### WHAT TO DO:
Retype word for word the first line of the listing and each line after it up to the line with "如何度过大学生活?大学生核心", with the pictures taken out.

### INFORMATION SUPPLIED:
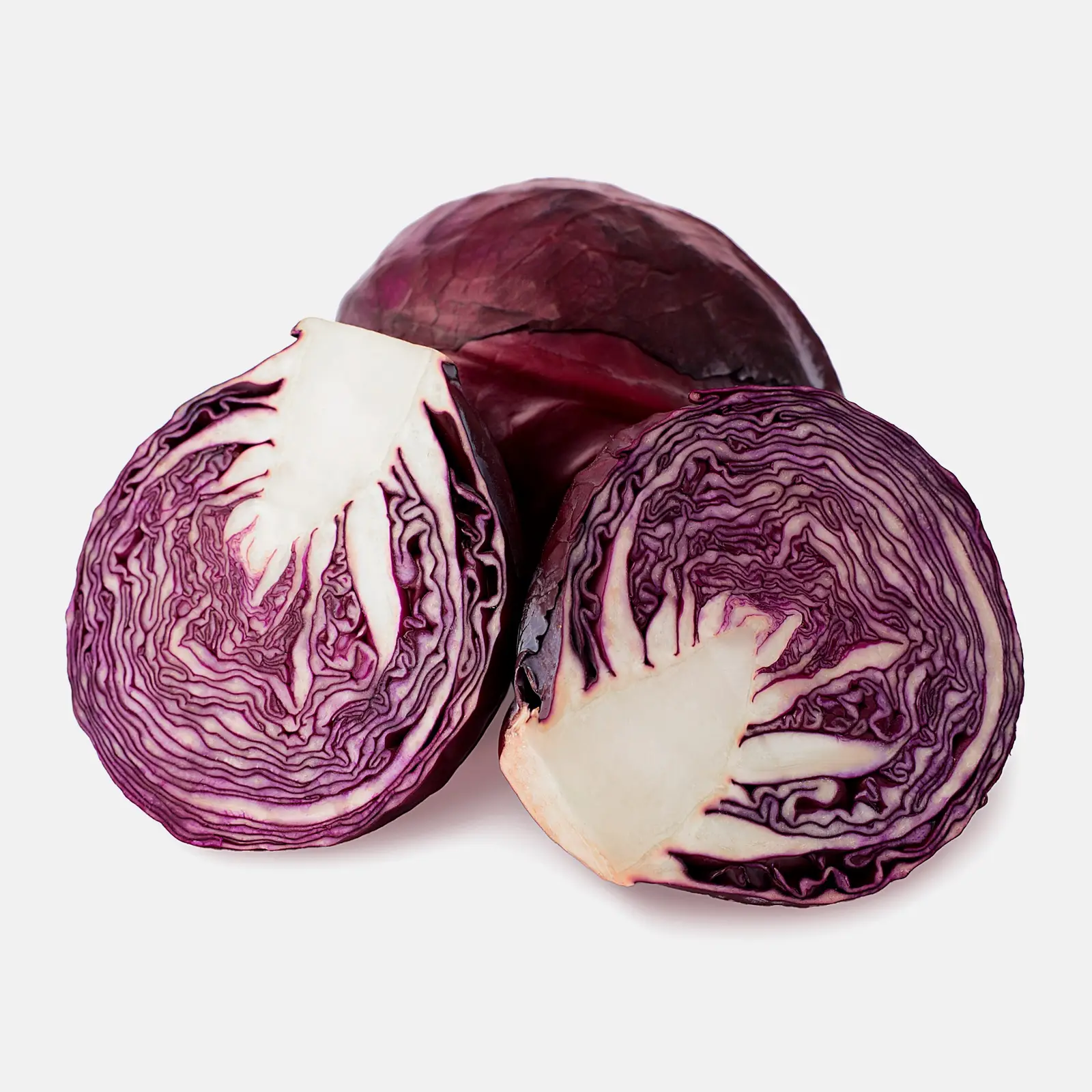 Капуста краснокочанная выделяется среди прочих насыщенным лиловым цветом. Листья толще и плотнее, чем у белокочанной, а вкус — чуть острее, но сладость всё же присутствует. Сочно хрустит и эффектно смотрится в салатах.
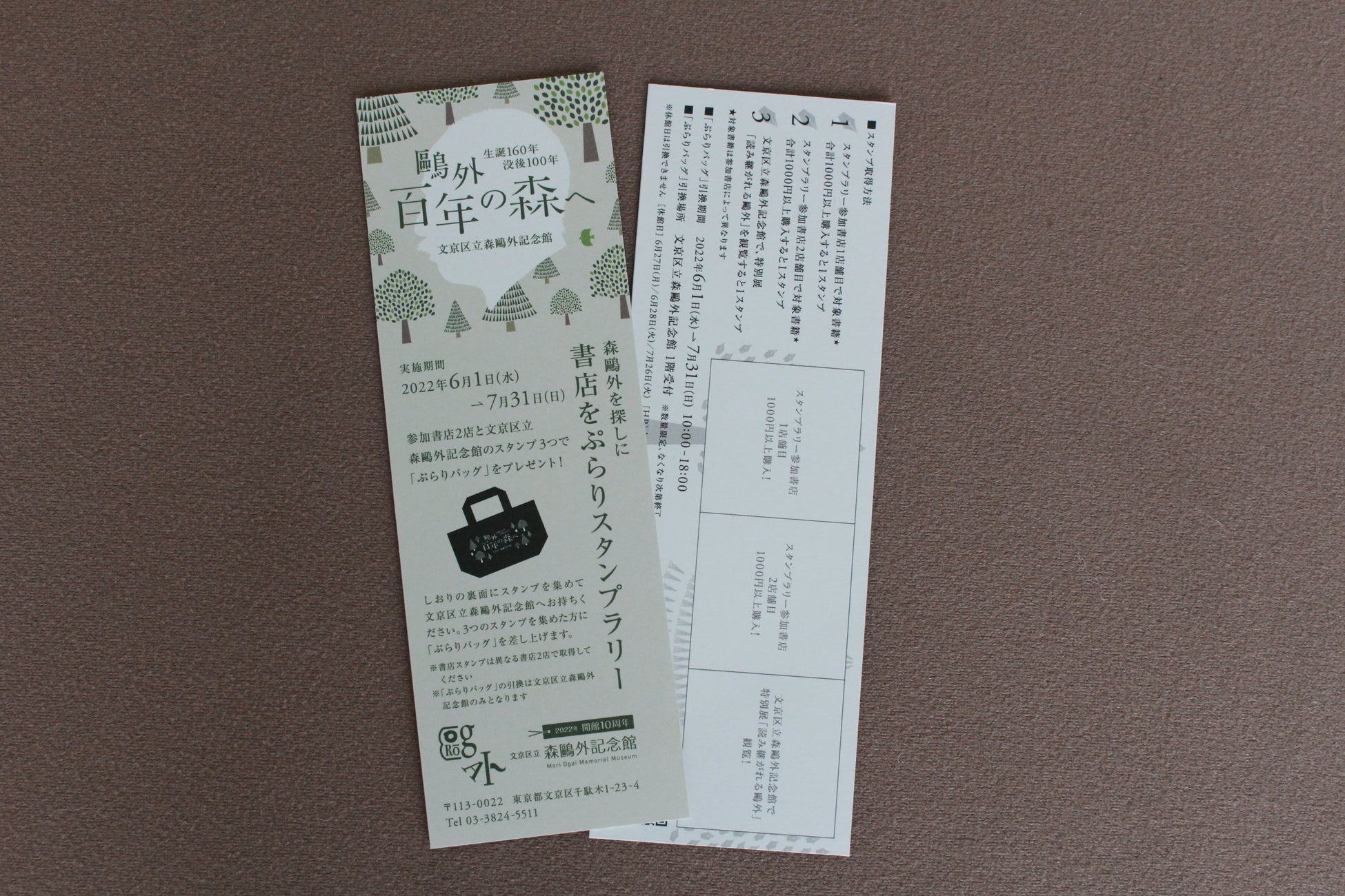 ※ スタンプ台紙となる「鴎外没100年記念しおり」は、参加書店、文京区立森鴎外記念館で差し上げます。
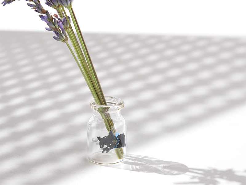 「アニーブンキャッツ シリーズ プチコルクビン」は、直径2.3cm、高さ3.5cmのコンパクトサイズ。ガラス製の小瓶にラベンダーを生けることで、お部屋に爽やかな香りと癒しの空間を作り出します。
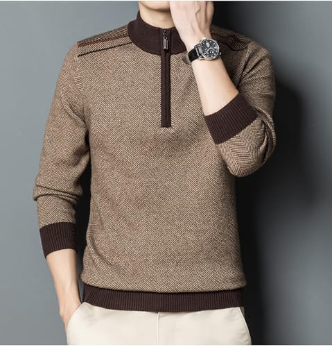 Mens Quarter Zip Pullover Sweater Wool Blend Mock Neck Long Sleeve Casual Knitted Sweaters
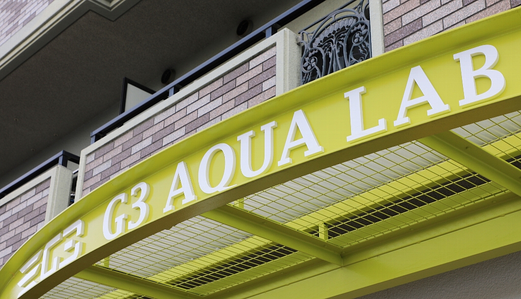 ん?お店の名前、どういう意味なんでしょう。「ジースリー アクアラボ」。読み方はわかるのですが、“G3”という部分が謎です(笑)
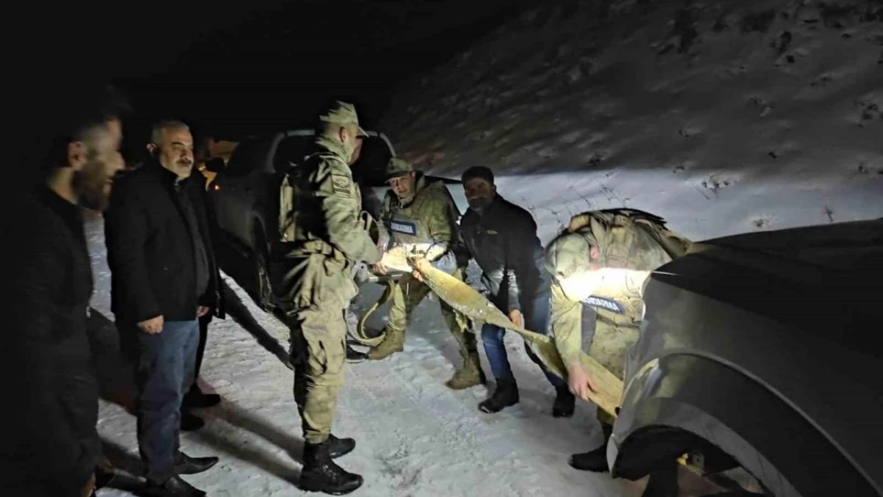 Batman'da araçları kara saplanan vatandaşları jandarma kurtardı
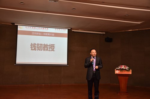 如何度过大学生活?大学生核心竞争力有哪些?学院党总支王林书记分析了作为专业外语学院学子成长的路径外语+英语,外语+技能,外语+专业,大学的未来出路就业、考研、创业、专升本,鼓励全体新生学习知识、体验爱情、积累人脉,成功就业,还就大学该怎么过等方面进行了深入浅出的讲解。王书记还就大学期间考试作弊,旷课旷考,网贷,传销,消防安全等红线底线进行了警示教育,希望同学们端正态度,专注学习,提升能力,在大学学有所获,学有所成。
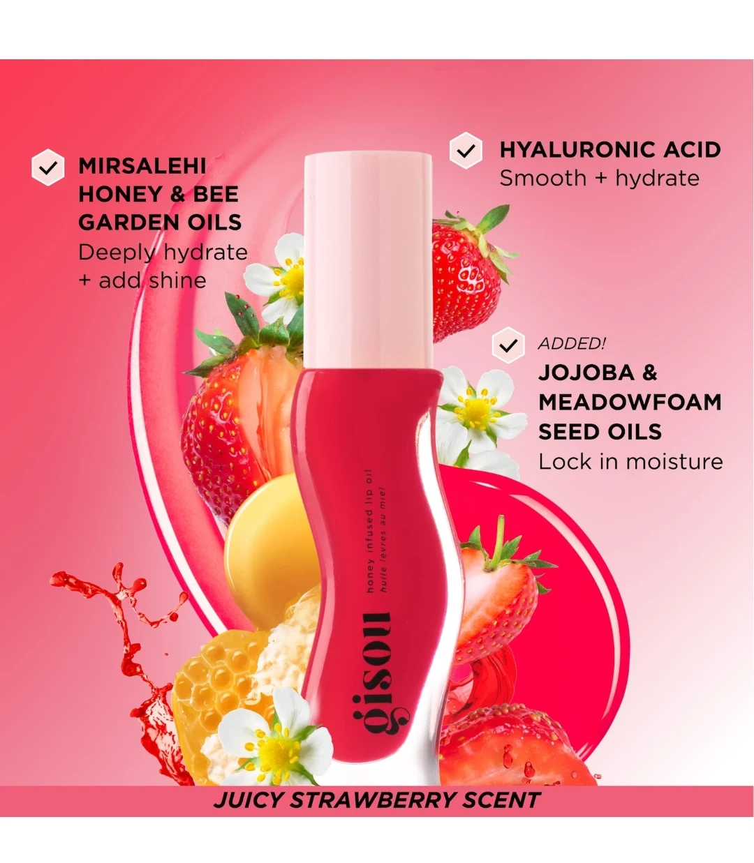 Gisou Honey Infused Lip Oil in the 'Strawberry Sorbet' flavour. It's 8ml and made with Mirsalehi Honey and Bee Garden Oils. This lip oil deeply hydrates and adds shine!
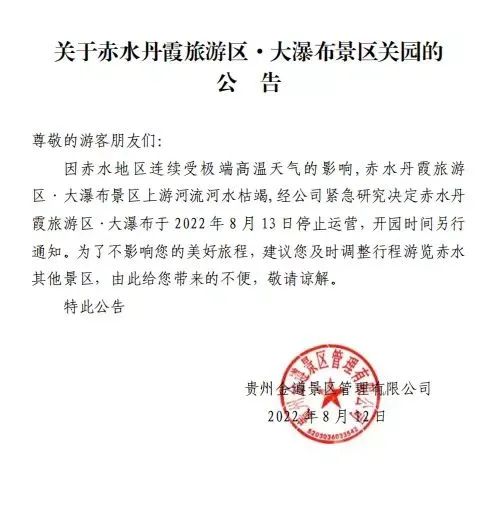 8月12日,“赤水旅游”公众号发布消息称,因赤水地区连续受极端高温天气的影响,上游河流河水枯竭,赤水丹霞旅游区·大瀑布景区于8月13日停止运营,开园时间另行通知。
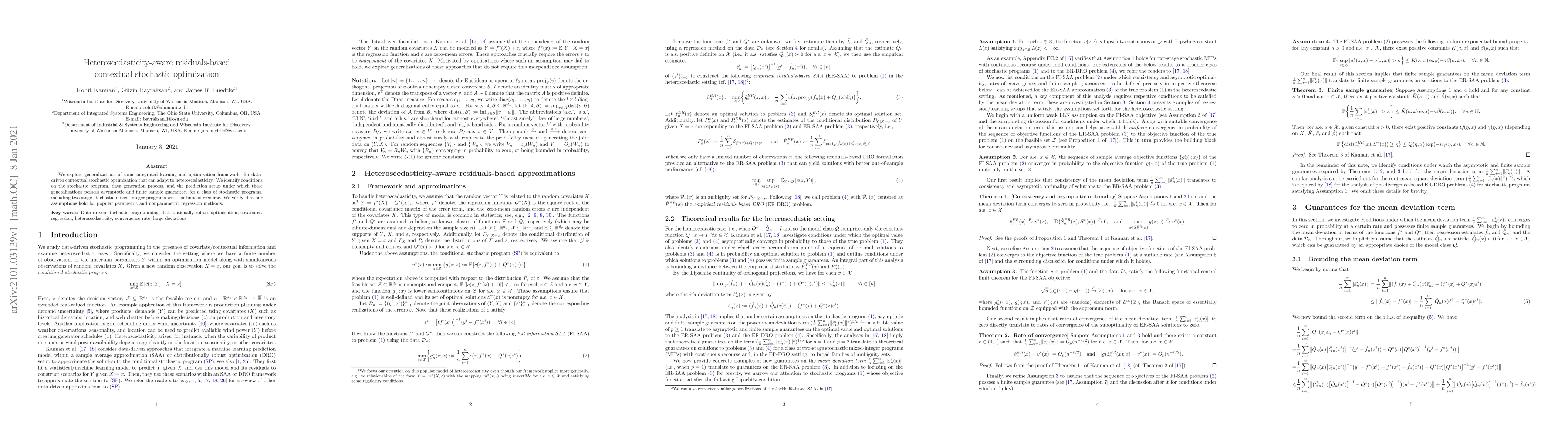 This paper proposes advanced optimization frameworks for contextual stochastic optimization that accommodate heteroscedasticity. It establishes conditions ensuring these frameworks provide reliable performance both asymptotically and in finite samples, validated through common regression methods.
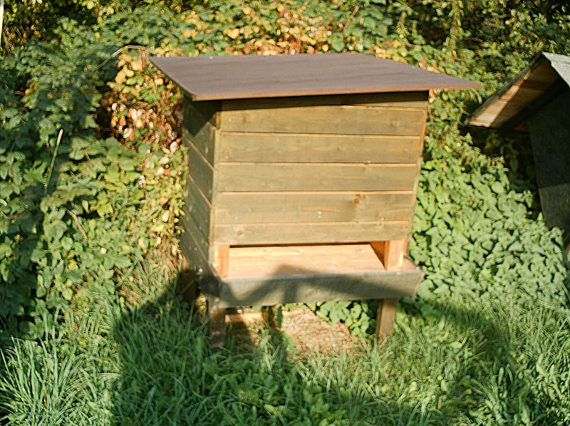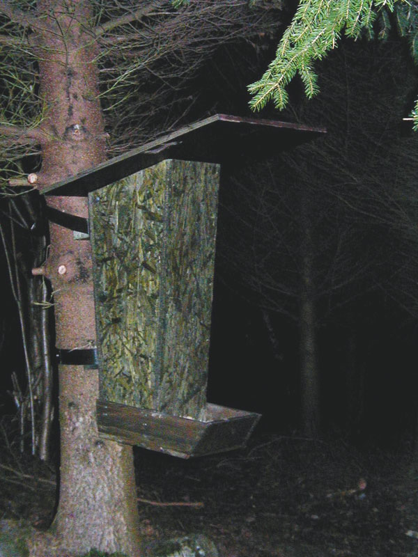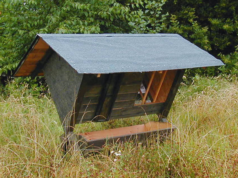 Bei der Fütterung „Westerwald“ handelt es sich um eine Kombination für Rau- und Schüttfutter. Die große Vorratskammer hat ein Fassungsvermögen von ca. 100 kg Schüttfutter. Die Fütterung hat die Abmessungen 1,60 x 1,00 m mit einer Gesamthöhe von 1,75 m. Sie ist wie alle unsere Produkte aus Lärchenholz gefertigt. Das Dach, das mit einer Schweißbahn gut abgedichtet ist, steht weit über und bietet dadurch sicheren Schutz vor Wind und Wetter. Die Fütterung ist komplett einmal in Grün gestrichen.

### THE ANSWER:
 Капуста краснокочанная выделяется среди прочих насыщенным лиловым цветом. Листья толще и плотнее, чем у белокочанной, а вкус — чуть острее, но сладость всё же присутствует. Сочно хрустит и эффектно смотрится в салатах.
 ※ スタンプ台紙となる「鴎外没100年記念しおり」は、参加書店、文京区立森鴎外記念館で差し上げます。
 「アニーブンキャッツ シリーズ プチコルクビン」は、直径2.3cm、高さ3.5cmのコンパクトサイズ。ガラス製の小瓶にラベンダーを生けることで、お部屋に爽やかな香りと癒しの空間を作り出します。
 Mens Quarter Zip Pullover Sweater Wool Blend Mock Neck Long Sleeve Casual Knitted Sweaters
 ん?お店の名前、どういう意味なんでしょう。「ジースリー アクアラボ」。読み方はわかるのですが、“G3”という部分が謎です(笑)
 Batman'da araçları kara saplanan vatandaşları jandarma kurtardı
 如何度过大学生活?大学生核心竞争力有哪些?学院党总支王林书记分析了作为专业外语学院学子成长的路径外语+英语,外语+技能,外语+专业,大学的未来出路就业、考研、创业、专升本,鼓励全体新生学习知识、体验爱情、积累人脉,成功就业,还就大学该怎么过等方面进行了深入浅出的讲解。王书记还就大学期间考试作弊,旷课旷考,网贷,传销,消防安全等红线底线进行了警示教育,希望同学们端正态度,专注学习,提升能力,在大学学有所获,学有所成。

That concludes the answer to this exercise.